I understand that the district management team met staff representatives this evening and that the staff representatives have agreed to withdraw their pickets, but I am not sure whether this agreement necessarily affects the other pickets who are not members of the hospital staff. I very much hope that all picketing will cease shortly.
Finally, I know that there is great concern about future allocations to the area. At present there is little that can be said about this. A great deal of work is in progress on planning future health services in London. As is set out in the consultative paper "Patients First" published earlier this week, reports are soon to be published on a wide range of developments and the University of London's working group chaired by Lord Flowers is expected to report in February. There are also two reports, which need careful consideration, specifically about the allocation of resources, to which the right hon Gentleman referred. The first, which has been issued, concerns the allo- cation of resources between areas within the four Thames regions. The second, which is still in preparation, will include a review of the elements in the national formula to provide for the special needs of teaching hospitals. Until these reports have been fully digested, it is impossible to predict what the right future level of resources should be for this area. There can, however, be little doubt that, as a study of the profile on acute hospital services in London, recently published, makes clear, this area at present has far more acute beds than would seem appropriate for its population, and major long-term changes in the pattern of services are unavoidable.

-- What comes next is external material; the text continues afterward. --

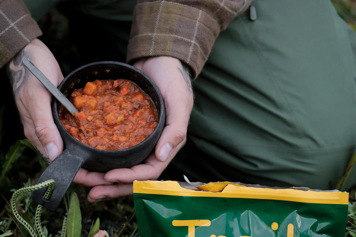 Ingredienser: For at lave 100 g tørt produkt bruges 126 g kartoffel*, tomat*, 58 g oksekød*, løg*, gulerod*, knoldselleri*, rapsolie*, tomatkoncentrat*, hvidløg*, paprika*, salt, spidskommen*, timian*, peber*, chili*, naturlig aroma, maltodextrin*, majsstivelse*, krydderier*, oksefedt*.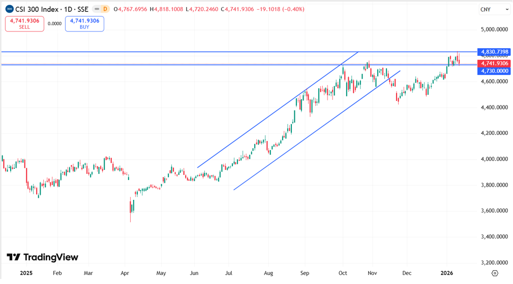 CSI 300 Индекс CSI 300 торгуется вблизи отметки 4 741,9 пунктов, удерживаясь выше зоны поддержки 4 730 пунктов. При сохранении покупательского импульса индекс может продолжить восстановление и протестировать ближайшее сопротивление в районе 4 830 пунктов.

It is important to emphasise that the changes now taking place at St. Olave's—the transfer of in-patient services—are essentially a short-term measure. The commissioners recognise that St. Olave's hospital is a valuable asset for the NHS and they will be considering as soon as possible what the future use of the hospital should be. It is not envisaged that St. Olave's should remain closed for any longer than is necessary. It may well have to care for a different type of patient in the future, but it is clear that the hospital should be given a viable and useful role in the longer-term plans for the district—
—once the present financial difficulties have been resolved. The commissioners have undertaken to consider the future use as soon as is practicable and have agreed that the district management team should now set up, as part of its planning machinery for the development of health services in the district, a St. Olave's committee. This committee is to examine possibilities for the future use of the hospital, and representatives of the community health council and staff interests will be invited to serve on it.
I hope that the right hon. Gentleman will accept that progress is being made and that his debate tonight has been worth while.